Here are a few examples (not necessarily covered in the book):
The African clawed frog, Xenopus laevis

An example you may be familiar with, not least thanks to a recent article about extinction by Elizabeth Kolbert published in the New Yorker. This remarkable amphibian was used for the first widespread pregnancy tests in the early 20th century after it was discovered that the urine from pregnant women induced oocyte (female germ cell) production in the frog. The frog was distributed to physicians offices all round the world. Unfortunately, it looks as if Xenopus Laevis had a hitchhiker: a fungus called Batrachochytrium dendrobatidis which causes it no harm is fatal to many other amphibian species: global amphibian crash.

‘Blood falls’, Antarctica

Not an animal but surely one of the strangest life forms on the planet [13]. Get a bit weird here: in a thousand years will humans or their descendants living in Antarctica (contra Stephen Pyne End of the World) [Try not to sound insane]

The Honey Badger

The ‘fiercest mustelid.’ Widespread dryland distribution. Interaction (debated) with Honeyguide in East Africa. Hadza people of Tanzania. The ‘man-eating badgers’ of Basra urban legend in 2007, and the British armed forces forced to deny responsibility (comedy). Serious point: the badgers may have been fleeing the newly re-flooded wetlands that Saddam had drained to eliminate a haven for his enemies.

The Japanese Macaque

Those are the characters you see in hot springs in the mountains of Japan. They are the northernmost member of the genus Macaque, which are the second most widespread primates after man. Macaques are not especially intelligent, but they do have particular kind of cunning, sometimes termed Machiavellian intelligence. The behavioural biologist Dario Maestripieri writes: By the time human beings start the global nuclear war that will destroy our civilization, there won’t be any great apes left for Earth to become the Planet of the Apes. But chances are there will still be plenty of rhesus macaques around.

Pacific Salmon

Pacific Salmon can distinguish a single drop from their own river among 8 million litres of seawater. When they arrive at their home rivers some of them swim as much as 2,000 miles upstream. They move against strong currents with little effort, much as a yacht tacks into the wind. And these are animals we now farm in cages.

The White-naped Crane

Something like 5,000 individuals remain in the wild. IUCN classes it as vulnerable to extinction. Breeds in Mongolia, China, and Russia (Khinganski Nature Reserve). One of its few remaining overwintering grounds is the DMZ in Korea, one of the world’s ‘Involuntary parks’ (other examples include the closed zone around Chernobyl). A beautiful and rare bird’s survival is at least in part down to multi-decade phony war that, even now, could spill into nuclear conflict. [more on ‘the dark side’].

A happy ending

Barack Obama’s remarkable speech in Cairo. [14] Crucial, he said, respect the dignity of all human beings. Conservation mission: extend recognition of dignity, glory (?!) (but not equivalence) to a wider-range of beings and earth system processes.

Also
Prosperity consists in our ability to flourish as human beings – within the ecological limits of a finite planet. The challenge for our society is to create the conditions under which this is possible. It is the most urgent task of our times. [15]


Footnotes

1. Al Gore Places Infant Son In Rocket To Escape Dying Planet. The Onion, July 30, 2008.

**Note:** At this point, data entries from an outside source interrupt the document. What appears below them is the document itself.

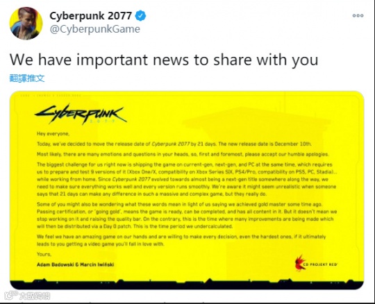就在昨晚,CDPR正式宣布原定于11月19日发售的《赛博朋克2077》将会推迟21天,也就是到12月10日才会上线。这则消息一出全球玩家一片哗然,毕竟这已经是CDPR第三次宣布这款游戏延期发售的消息了。
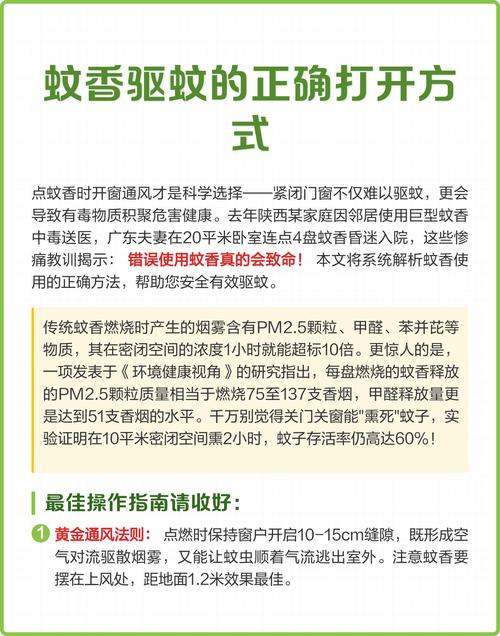 在使用蚊香时,建议先关闭门窗,这样可以更好地让蚊香的味道弥漫整个房间,达到驱蚊的效果。但在此期间,请勿停留在房间内。 大约熏蒸20至30分钟后,可以逐渐打开窗户,让室内空气流通。此时,蚊香的味道已经减弱,人们可以进入房间。 请勿同时打开所有门窗,这样做会减弱蚊香的效果。
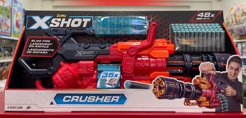 X-Shot Excel Crusher được khoác lên một lớp áo màu đỏ tươi đại diện cho sức mạnh, sự dũng cảm, sẵn sàng chiến đấu bên cạnh người chơi mọi lúc mọi nơi. Phần nòng xoay có 6 lỗ được sơn màu cam, mỗi lần một viên đạn bay ra sẽ tự xoay nòng.
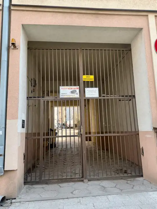 Prywatny wjazd na wewnętrzny dziedziniec - zabezpieczony metalową bramą na pilota jest niewątpliwem plusem w kwestii dostępnych miejsc parkingowych tylko dla właścicieli kamienicy biorąc pod uwagę strefę płatnego parkowania w centrum ! W tym przypadku ten problem nas nie dotyczy - mamy swoje prywatne miejsca dla aut wewnątrz posesji !
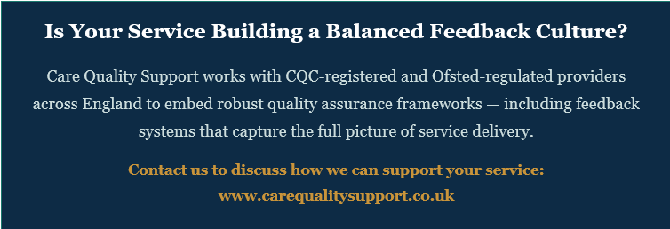 A healthy feedback ecosystem in any CQC-registered service is not one where concerns are suppressed, quite the contrary. It is one where concerns are heard, acted upon, and documented, and where achievements are recognised with equal rigour.
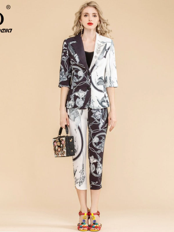 Designer Autumn Chic Print Pants Two Piece Sets Women’s Fashion Streetwear Jacket Coat And Slim Long Pants Suits
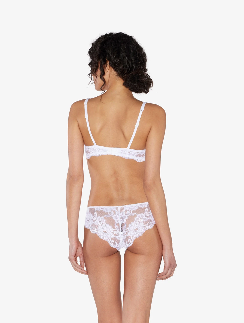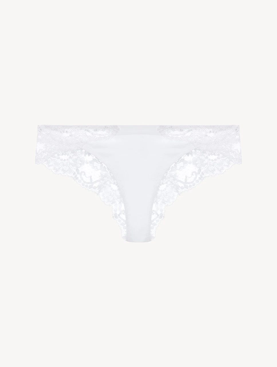 Slip brésilien en dentelle Leavers élastique avec des motifs floraux et jersey de coton stretch. Un sous-vêtement polyvalent, confortable et élégant.
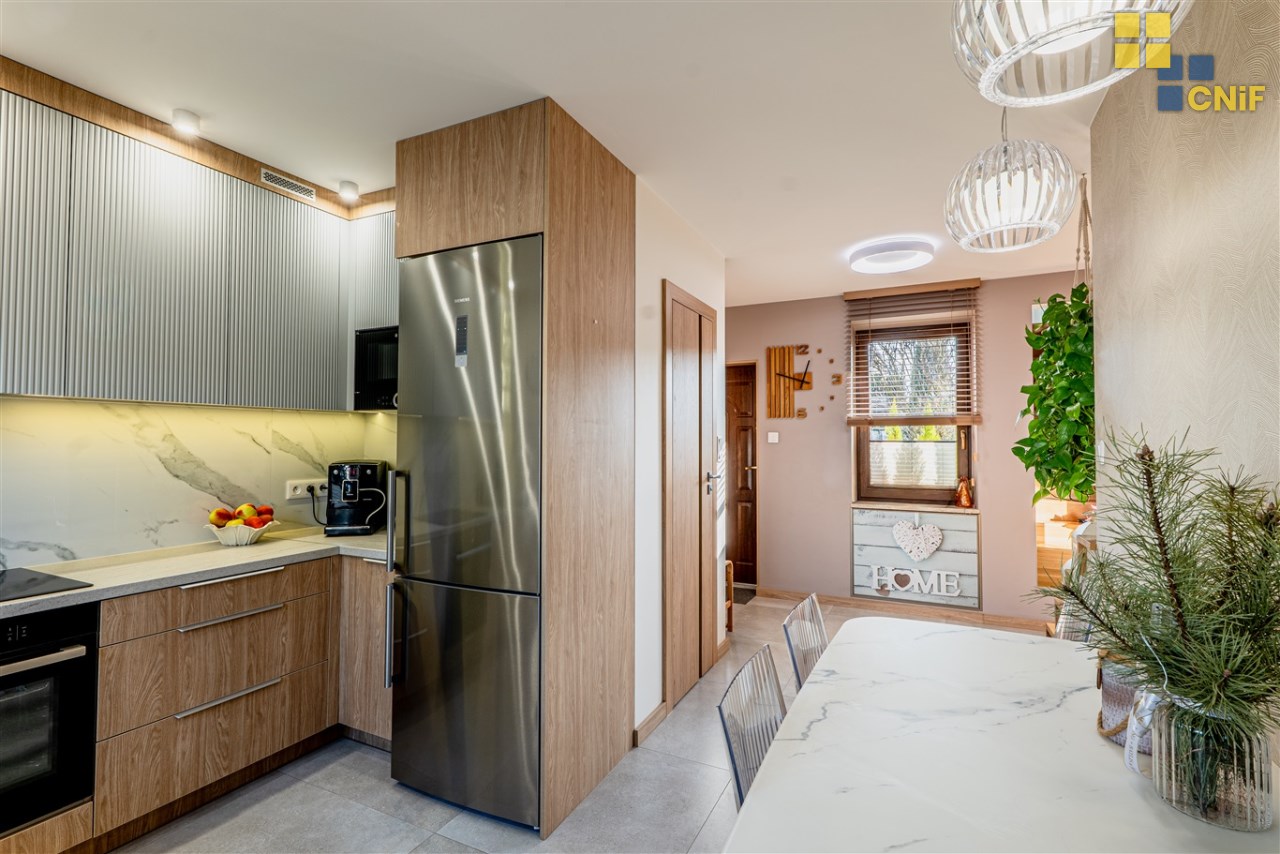To idealna propozycja dla osób szukających komfortowego, nowoczesnego wnętrza w świetnej lokalizacji, który łączy ciszę i prywatność z bliskością miejskiej infrastruktury. Wnętrza są jasne, przytulne i bardzo funkcjonalne – dom robi doskonałe wrażenie już od pierwszego wejścia.

2. In an old trope, failing to protect the rain forests is like allowing a library to burn down without having any idea of what’s in the books. Perhaps this image is obsolete in the electronic age.

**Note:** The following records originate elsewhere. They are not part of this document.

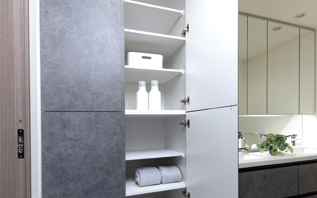 タオルや衣類等、ストックしたものが確認しやすく、取り出しやすい洗面室収納です。
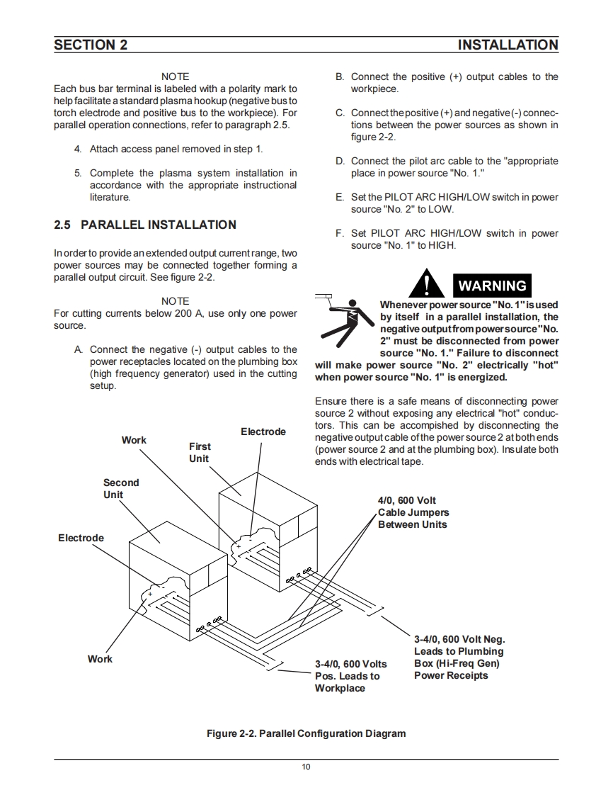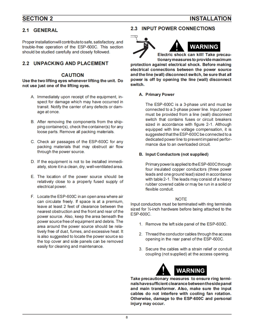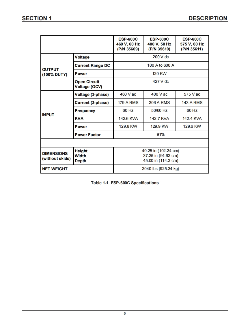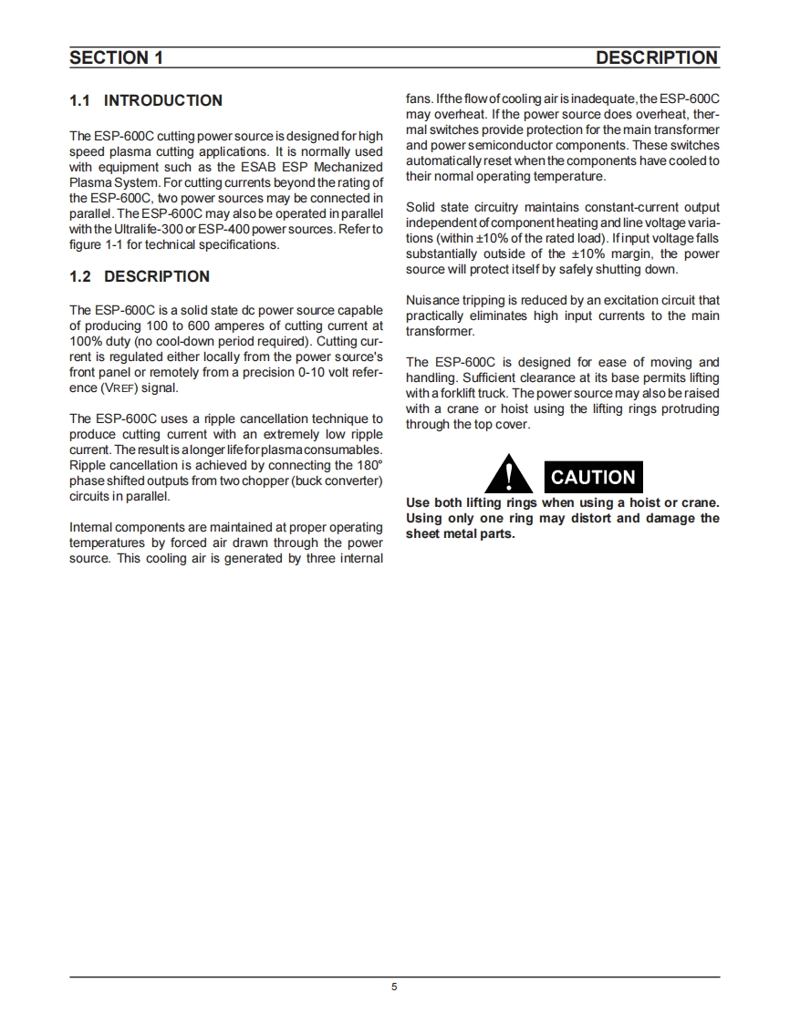 F.15-237October,1995INSTRUCTION MANUALESP-600CCutting Power Source806g0⊙O①O①This manual provides installation,operation,maintenance,and troubleshooting instructions for the following units:ESAB P/N 35609-460 Vac,60 HzESAB P/N 35610-400 Vac,50 HzESAB P/N 35611 575 V ac,60 HzCAUTIONThese INSTRUCTIONS are for experienced operators.If you are not fully familiarwith the principles of operation and safepractices for arc welding equipment,we urge you to read our booklet,"Precautions and Safe Practices for Arc Welding,Cutting,and Gouging,"Form 52-529.Do NOT permit untrained persons to install,operate,ormaintain this equipment.DoNOT attempt to install oroperate this equipment until you have read and fully understand these instructions.If you do notfully understand these instructions,contact yoursupplier for further information.Be sure to read the Safety Precautionsbefore installing oroperating this equipment.Be sure this information reaches the operator.ESABESAB WeldingYou can get extra copies through your supplier.Cutting Products
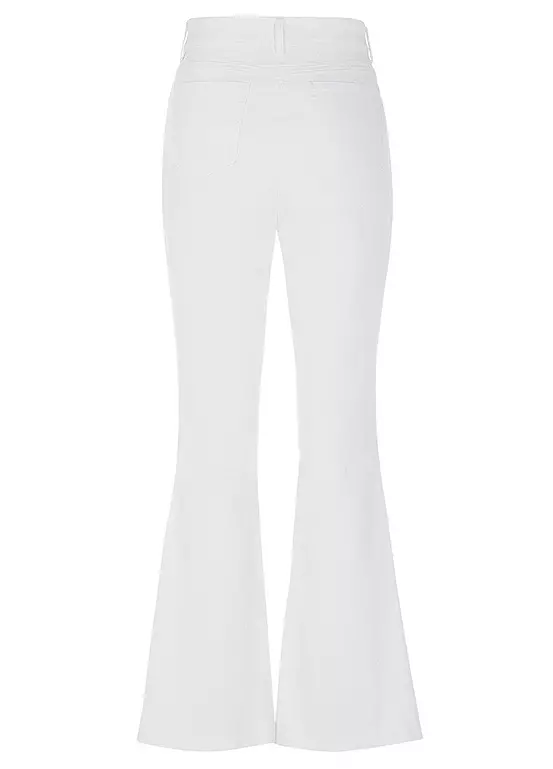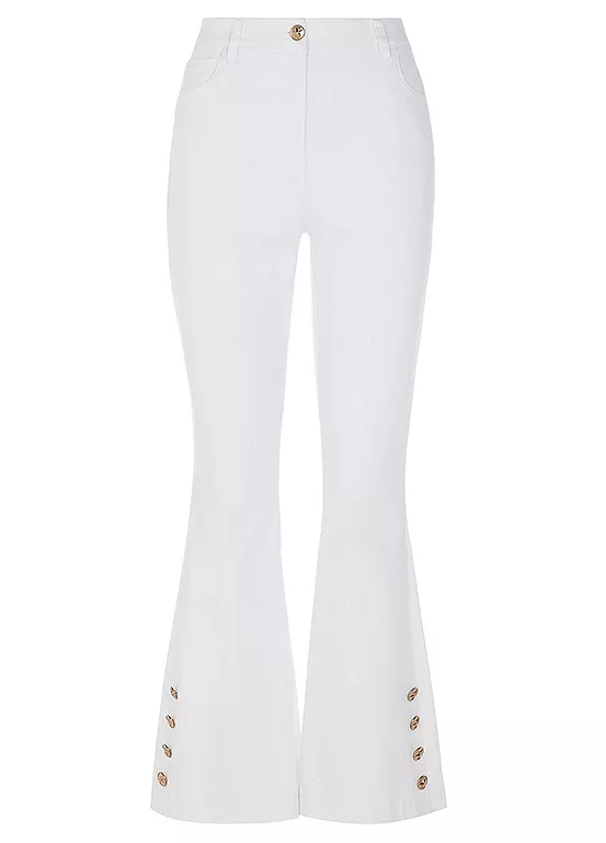 Great summer jean with kickflare detail and star embossed buttons on the hem to really elevate this look .
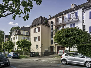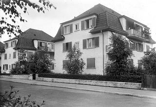 “Compared to his earlier SIM building, at first glance Wilhelm Fischer’s first big commission the housing development completed in 1932 on Speerstrasse in Zurich Wolllishofen, looks like a step backwards in formal terms. With the neo-Baroque hipped mansard roofs Wilhelm Fischer gave the apartment houses a dignified, conservative bourgeois character, but the windows of different sizes, the balconies and loggias indicate his interest in new forms.”

3. See, for example, Michael Sandel, Reith Lectures 2009

4. Leventis Fellow in Conservation Biology, Birdlife International, Cambridge University Dept of Zoology

5. See The Eco Evangelist. The Observer, 7 June 2009. Craig Sorley an American evangelical Christian and head of Care of Creation Kenya. Selected as a ‘hero of the environment' for 2008 by Time Magazine.
Sorley's primary occupation is to use the Bible to make an environmental case: God delighted in his creation (Genesis 1:31) and put man in his garden "to work it and take care of it" (Genesis 2:15); Jesus found more glory in the wonders of nature than in the constructions of man (Matthew 6:28-29); all things were created by Christ and for Christ (Colossians 1:16). Conservative Evangelicals are far more receptive to an environmental message, explains Sorley, when it's presented to them in "the language they appreciate most ... the language of the Bible."
6. Among examples in the media in just the last few days: Mekong dolphins ‘almost extinct’ (BBC 18 June 2009): Pollution in the Mekong river has pushed freshwater dolphins in Cambodia and Laos to the brink of extinction, the conservation group WWF has said. Only 64 to 76 Irrawaddy dolphins remain in the Mekong, it says

7. See, for example, Making the Case for Climate as a Migration Driver by Tom Zeller, Green Inc, 15 June 2009 (thanks to Benjamin Morris for this link);The Human Tsunami: How Climate Change Will Move Masses -- Ghana’s Environment Refugees, Financial Times, 19 June 2009. Many parts of the world start from a position of high vulnerability. See: World hunger 'hits one billion', BBC online 19 June 2009

8. Marketing is now “the most dominant force in human culture,” claims Darwinian psychologist Geoffrey Miller.

9. See On the Origin of Stories by Brian Boyd (2009)

10. from Some Biomythology published in The Lives of a Cell (1974).

11. Happy as it may be, it doesn’t come without work. As one commentator on Berry’s work puts it:
the perspective of evolution provides the most comprehensive context for understanding the human phenomenon in relation to other life forms. This implies for Berry that we are one species among others and as self reflective beings we need to understand our particular responsibility for the continuation of the evolutionary process. We have reached a juncture where we are realizing that we will determine which life forms survive and which will become extinct. We have become co-creators as we have become conscious of our role in this extraordinary, irreversible developmental sequence of the emergence of life forms.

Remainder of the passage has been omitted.